Kirkus Reviews QR Code
THICK AND THIN by Michael Walzer

THICK AND THIN

Moral Argument at Home and Abroad

by Michael Walzer

Pub Date: June 1st, 1994
ISBN: 0-268-01884-7
Publisher: Univ. of Notre Dame

Walzer (The Company of Critics, 1988, etc.) thoughtfully answers objections to his many influential volumes of social criticism. Walzer attempts to set out careful definitions for various terms that have arisen in public moral debate and beefs up the concepts behind his much discussed work. For him, moral reasoning is at its best when done at the ``thick'' level, in which the many components of individual and communal decision-making, history, and particularity can be dissected, analyzed, and accounted for.

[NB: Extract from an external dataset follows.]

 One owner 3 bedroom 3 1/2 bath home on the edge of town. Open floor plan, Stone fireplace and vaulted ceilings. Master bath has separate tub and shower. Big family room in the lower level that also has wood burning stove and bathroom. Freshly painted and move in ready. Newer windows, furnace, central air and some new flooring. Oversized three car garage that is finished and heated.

But it is the ``thin'' level of moral discourse (where generally recognizable slogans and terms predominate) that most often is the meeting point for intracultural and cross-cultural discussion and debate. Thus, the thin good of ending communism or providing aid to the needy is something that large numbers of people can agree on, but the thick good of making decisions about how to achieve such goals is more difficult. After five tight chapters, Walzer posits that we are all made up of several selves—based in our histories, identities, and associations—that we juggle as we confront a world of complex decisions and ambiguous choices. It is among those selves, rather than in a community of eager discussants, that the most profound moral reasoning occurs, a commentary on what Walzer perceives as the current sad state of public discussion and moral debate. Walzer emerges as a critic willing to take his punches, but who finds himself caught in a trap of sound-bite debate and thin sloganeering. Though Walzer could show himself more aware of some issues, especially gender and race, this is a well-argued, if not always energetic, set of carefully wrought ideas on the state of public moral debate.